The statement from Elaine Kaplan, OPM's General Counsel is reasoned and explicitly recognizes that DOMA is both unfair in general, and is even "painful" to court employees like Golinski. That is why (the statement notes) the President supports DOMA's legislative repeal, and in the interim, the Domestic Partner Benefits and Obligations Act. Nevertheless, DOMA is the law.

The administration's stated reluctance to enforce a law it opposes makes it a little harder to view this as a political fight over gay rights; this is a battle over whether the courts are truly independent of the administration when it comes to their own employees, or whether the employees of our constitutionally separate court system are subject to the employment rules applicable to the Executive branch. That is actually a profound argument about the structure of our government, and one whose outcome isn't entirely clear.

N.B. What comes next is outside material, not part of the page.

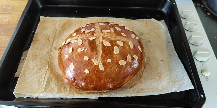 mouka hladká, mouka polohrubá, droždí čerstvé, mléko, cukr krupice, máslo, sůl, vejce, extrakt vanilkový, extrakt citronový, rozinky, mandle loupané, vejce, lupínky mandlové

But what is clear is that the administration did not need to pick this fight. An uncountable number of administrative issues like this are ignored or neglected or simply never noticed every day. Given government's enormous size and scope in the modern world, administrators have to prioritize their time and efforts.

Consequently, it is no compliment to this administration (and I would single out the Department of Justice, whose judgment the administration is following) that this is the ground they chose to fight on. No one views this as a battle over executive power, and after the Bush administration, it's pretty pathetic that this is the best characterization the administration could hope for. Obama's folks are politically conflicted over how to handle DOMA and gay rights in general, and that weakness is highlighted by the fact that the head of OPM, John Berry, is the highest-ranking openly gay official in the administration.

He is now being held in an undisclosed closet.

UPDATE: It's worse than I'd thought. I assumed Berry was hiding behind the skirts of a heterosexual Elaine Kaplan, but it seems she's openly gay as well. I suppose it's progress that we're in the position where the governmental insults and slights come from our own people, but, as Seth Meyers says so eloquently, "Really?"